Preliminaries: The contents of the emails I received were not problematic. Rather, it is their tone and hostility that strike readers as curious. I should note that when I received these emails, I was not at all offended. I just wondered what was going on in the students' minds that they wrote them. I became clinical and professional, and my responses never tried to fathom their intentions. But others read these emails, and indicated that they were hostile and outlandish. I am not sure about hostile and outlandish, but others are quite sure.

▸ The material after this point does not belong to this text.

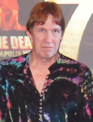 (Seated, L-R) Marilyn Burns, Teri McMinn, William Vail, Ed Neal, John Dugan, Ed Guinn, Allen Danziger from the TCM panel at Days of the Dead Indianapolis 2012.

26April13: Now it is months after these emails. From further information, I have a better feel for the background, at least for the second email below. The original instructor was not available, and the circumstances around that were disturbing to students. Moreover, it was believed that there was no syllabus for the course. And my preliminary first draft syllabus was quite rough, since I had been asked to teach the course late in the game. Over the next ten days I revised it several times, and that was not comforting I gather. Later it was discovered that the reading was not central to classwork, even though I do believe it was crucial to many of the projects. Students felt that the university was not attending to them, even as they were spending their own money and time. And I had sent them emails earlier in the semester which some found uncomfortable, while others found them comforting. In sum, there was lots of turmoil, and the note to me was a reflection of that. Its tone was unfortunate, since I could have been much more comforting if I had known the origin of the problem, and that tone was inappropriate in any case (I am told by my colleagues). There is another lesson here. When you receive a communication, especially email, that is somehow off, it's best to be professional, pay attention to the issues, be anodyne. That won't solve the problem, but at least you have been serious. Later, and informally, find out what's going on. My intuitions about what to do had been honed by watching student discomfort at other institutions at other times.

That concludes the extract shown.